| Exercise requirements |
Return the data below exactly as given, except for the images.

| Source data |
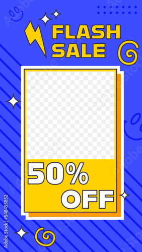 © Yasir Design, Fototapeta premium Social media story template in retro design style. Stories template with empty space for picture.
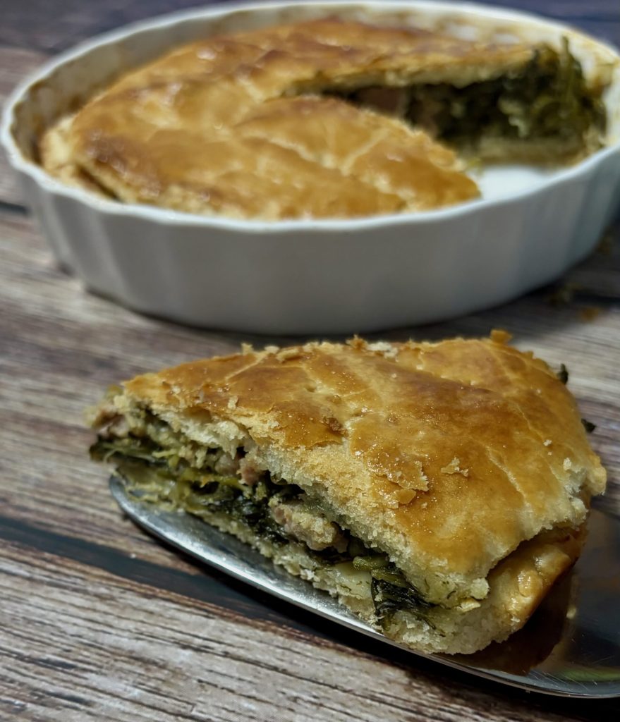 Cette tarte rustique avec chicorée et saucisse est une recette simple mais riche en saveurs, parfaite lorsque vous avez envie de mettre quelque chose de sain et satisfaisant sur la table sans passer des heures en cuisine. La pâte brisé maison, rapide et sans complications, enveloppe une farce rustique qui rappelle les parfums de la tradition.
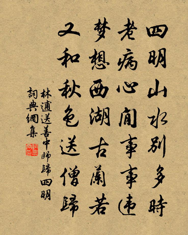 詩詞名句歷史字典書法欣賞書法字典國語詞典說文解字康熙字典古漢語字典標 題 作 者 詩 句 送善中師歸四明作者:林逋 朝代:宋代送善中師歸四明原文四明山水別多時,老病心閒事事違。夢想西湖古蘭若,又和秋色送僧歸。詩詞問答問:送善中師歸四明的作者是誰?答:林逋問:送善中師歸四明寫於哪個朝代?答:宋代林逋送善中師歸四明書法欣賞送善中師歸四明書法作品詩詞推薦偈傾一百三十三首釋法薰〔宋代〕吾常於此切,密意在汝邊。麟龍不為瑞,鶴龜自成仙。漢州塔二首郭印〔宋代〕相隨步屧轉穹隆,萬室鱗鱗指顧中。自笑情懷非曠士,誰知筋力已衰翁。吟餘尚惜西山日,立久翻憂北戶風。從此立春帖子太上皇后閣周必大〔宋代〕化國春偏好,慈闈日自長。仙韶喧法曲,齊勸萬年觴。寧化白水磜甲子春黃大受〔宋代〕雪瀑從天下,余流亦建瓴。雙崖秋氣逼,九地殷雷聲。虎穴山川險,蛟涎草木腥。負{左齒右差}由此徑,異日不送錢穆父出守越州絕句二首蘇軾〔宋代〕若耶溪水雲門寺,賀監荷花空自開。我恨今猶在泥滓,勸君莫棹酒船回。夜坐戲作陸游〔宋代〕颼颼松韻生魚眼,洶洶雲濤涌兔毫。促膝細論同此味,絕勝痛飲讀離騷。寄沈仲居進三國志劉過〔宋代〕萬死中原百戰爭,流芳遺臭各垂名。思量陳壽已饒舌,又費先生一管城。偈頌三十六首釋如珙〔宋代〕糞堆頭上,無人覷著。萬法紛紜,自起自滅。元日胡仲弓〔宋代〕元日山堂羅俎豆,潛知木主亦悲辛。土瓜溪筍非鄉物,臠肉村醪擬降神。盡日閒門無賀客,侵晨官道有行人。喜將贈僧文可往黃州建東坡寺樓鑰〔宋代〕一坡久矣郡城東,居士來游地望崇。問舍求田煩作計,拈槌豎佛看談空。共分龐老沈江寶,要奉儋州禿鬢翁。去作韓魏公生日強至〔宋代〕三秋開爽氣,七月降元精。致主鈞樞遍,尊賢袞鉞輕。顯庸歸社稷,陰相在神明。漳水流無竭,年年伴壽觥。禪人並化主寫真求贊釋正覺〔宋代〕聞名不如見面,都盧是個一件。風埃鬧處常閒,行市貴時卻賤。圓珠不撥轉,精金久磨鍊。觸犯機鋒兮青天流電。偈頌一百一十七首釋紹曇〔宋代〕三月青春彈指過,九旬朱夏又從頭。茶抽雀舌郎忙摘,麥弄蝦須逐旋收。熾然說法,聲撼林丘。挽張佛子王柏〔宋代〕嘉慶圖傳世所稀,夫何佛子遽西歸。平生施予心無為,時事艱難眾有依。德誼百年猶積累,詩書五世漸光輝。兒童送髯高謁方岩周文璞〔宋代〕客舍窘積雨,出門今始晴。藥苗隨野飯,燕子看山行。大道白日晚,閒汀綠芷生。方岩相見了,為謝草堂兄。遊俠篇(一作俠客行)陳子良〔唐代〕洛陽麗春色,遊俠騁輕肥。水逐車輪轉,塵隨馬足飛。雲影遙臨蓋,花氣近薰衣。東郊鬥雞罷,南皮射雉歸。日暮宿雲溪觀,賦得秋燈引送客楊衡〔唐代〕雲房寄宿秋夜客,一燈熒熒照虛壁。蟲聲呼客客未眠,幾人語話清景側。不可離別愁紛多,秋燈秋燈奈別何。潁川賞花二首陳襄〔宋代〕間入郊園駐隼旟,百花紅紫萬千株。如何春意多風雨,不惜漫天錦繡鋪。題袁學士像王致〔宋代〕平生有志惜分陰,經濟功夫著力深。一日高飛成遠舉,幾回懷古作豪吟。春風頻夢丹墀月,夏日長思玉館琴。天下閒居十首陳造〔宋代〕雪雲脫壞漏朝陽,風物橫前引興長。紅糝紫蕤今次第,遷鶯來燕費商量。名句推薦盡道隋亡為此河,至今千里賴通波。皮日休《汴河懷古二首》 言必信,行必果。孔子弟子《論語·子路篇》 不效艾符趨習俗,但祈蒲酒話昇平。殷堯藩《端午日》 唯器與名,不可以假人左丘明《左傳·成公·成公二年》 鹿車何日駕,歸去潁東田。歐陽修《秋懷》 雲中亂拍祿山舞,風過重巒下笑聲。杜牧《過華清宮絕句三首》 離多最是,東西流水,終解兩相逢。晏幾道《少年游·離多最是》 玉手佳人,笑把琵琶理。顧德輝《蝶戀花·春江暖漲桃花水》 窮巷多怪,曲學多辯。商鞅《商君書·更法》 恨舊愁新。有淚無言對晚春。淮上女《減字木蘭花·淮山隱隱》

| Exercise answer |
 © Yasir Design, Fototapeta premium Social media story template in retro design style. Stories template with empty space for picture.
 Cette tarte rustique avec chicorée et saucisse est une recette simple mais riche en saveurs, parfaite lorsque vous avez envie de mettre quelque chose de sain et satisfaisant sur la table sans passer des heures en cuisine. La pâte brisé maison, rapide et sans complications, enveloppe une farce rustique qui rappelle les parfums de la tradition.
 詩詞名句歷史字典書法欣賞書法字典國語詞典說文解字康熙字典古漢語字典標 題 作 者 詩 句 送善中師歸四明作者:林逋 朝代:宋代送善中師歸四明原文四明山水別多時,老病心閒事事違。夢想西湖古蘭若,又和秋色送僧歸。詩詞問答問:送善中師歸四明的作者是誰?答:林逋問:送善中師歸四明寫於哪個朝代?答:宋代林逋送善中師歸四明書法欣賞送善中師歸四明書法作品詩詞推薦偈傾一百三十三首釋法薰〔宋代〕吾常於此切,密意在汝邊。麟龍不為瑞,鶴龜自成仙。漢州塔二首郭印〔宋代〕相隨步屧轉穹隆,萬室鱗鱗指顧中。自笑情懷非曠士,誰知筋力已衰翁。吟餘尚惜西山日,立久翻憂北戶風。從此立春帖子太上皇后閣周必大〔宋代〕化國春偏好,慈闈日自長。仙韶喧法曲,齊勸萬年觴。寧化白水磜甲子春黃大受〔宋代〕雪瀑從天下,余流亦建瓴。雙崖秋氣逼,九地殷雷聲。虎穴山川險,蛟涎草木腥。負{左齒右差}由此徑,異日不送錢穆父出守越州絕句二首蘇軾〔宋代〕若耶溪水雲門寺,賀監荷花空自開。我恨今猶在泥滓,勸君莫棹酒船回。夜坐戲作陸游〔宋代〕颼颼松韻生魚眼,洶洶雲濤涌兔毫。促膝細論同此味,絕勝痛飲讀離騷。寄沈仲居進三國志劉過〔宋代〕萬死中原百戰爭,流芳遺臭各垂名。思量陳壽已饒舌,又費先生一管城。偈頌三十六首釋如珙〔宋代〕糞堆頭上,無人覷著。萬法紛紜,自起自滅。元日胡仲弓〔宋代〕元日山堂羅俎豆,潛知木主亦悲辛。土瓜溪筍非鄉物,臠肉村醪擬降神。盡日閒門無賀客,侵晨官道有行人。喜將贈僧文可往黃州建東坡寺樓鑰〔宋代〕一坡久矣郡城東,居士來游地望崇。問舍求田煩作計,拈槌豎佛看談空。共分龐老沈江寶,要奉儋州禿鬢翁。去作韓魏公生日強至〔宋代〕三秋開爽氣,七月降元精。致主鈞樞遍,尊賢袞鉞輕。顯庸歸社稷,陰相在神明。漳水流無竭,年年伴壽觥。禪人並化主寫真求贊釋正覺〔宋代〕聞名不如見面,都盧是個一件。風埃鬧處常閒,行市貴時卻賤。圓珠不撥轉,精金久磨鍊。觸犯機鋒兮青天流電。偈頌一百一十七首釋紹曇〔宋代〕三月青春彈指過,九旬朱夏又從頭。茶抽雀舌郎忙摘,麥弄蝦須逐旋收。熾然說法,聲撼林丘。挽張佛子王柏〔宋代〕嘉慶圖傳世所稀,夫何佛子遽西歸。平生施予心無為,時事艱難眾有依。德誼百年猶積累,詩書五世漸光輝。兒童送髯高謁方岩周文璞〔宋代〕客舍窘積雨,出門今始晴。藥苗隨野飯,燕子看山行。大道白日晚,閒汀綠芷生。方岩相見了,為謝草堂兄。遊俠篇(一作俠客行)陳子良〔唐代〕洛陽麗春色,遊俠騁輕肥。水逐車輪轉,塵隨馬足飛。雲影遙臨蓋,花氣近薰衣。東郊鬥雞罷,南皮射雉歸。日暮宿雲溪觀,賦得秋燈引送客楊衡〔唐代〕雲房寄宿秋夜客,一燈熒熒照虛壁。蟲聲呼客客未眠,幾人語話清景側。不可離別愁紛多,秋燈秋燈奈別何。潁川賞花二首陳襄〔宋代〕間入郊園駐隼旟,百花紅紫萬千株。如何春意多風雨,不惜漫天錦繡鋪。題袁學士像王致〔宋代〕平生有志惜分陰,經濟功夫著力深。一日高飛成遠舉,幾回懷古作豪吟。春風頻夢丹墀月,夏日長思玉館琴。天下閒居十首陳造〔宋代〕雪雲脫壞漏朝陽,風物橫前引興長。紅糝紫蕤今次第,遷鶯來燕費商量。名句推薦盡道隋亡為此河,至今千里賴通波。皮日休《汴河懷古二首》 言必信,行必果。孔子弟子《論語·子路篇》 不效艾符趨習俗,但祈蒲酒話昇平。殷堯藩《端午日》 唯器與名,不可以假人左丘明《左傳·成公·成公二年》 鹿車何日駕,歸去潁東田。歐陽修《秋懷》 雲中亂拍祿山舞,風過重巒下笑聲。杜牧《過華清宮絕句三首》 離多最是,東西流水,終解兩相逢。晏幾道《少年游·離多最是》 玉手佳人,笑把琵琶理。顧德輝《蝶戀花·春江暖漲桃花水》 窮巷多怪,曲學多辯。商鞅《商君書·更法》 恨舊愁新。有淚無言對晚春。淮上女《減字木蘭花·淮山隱隱》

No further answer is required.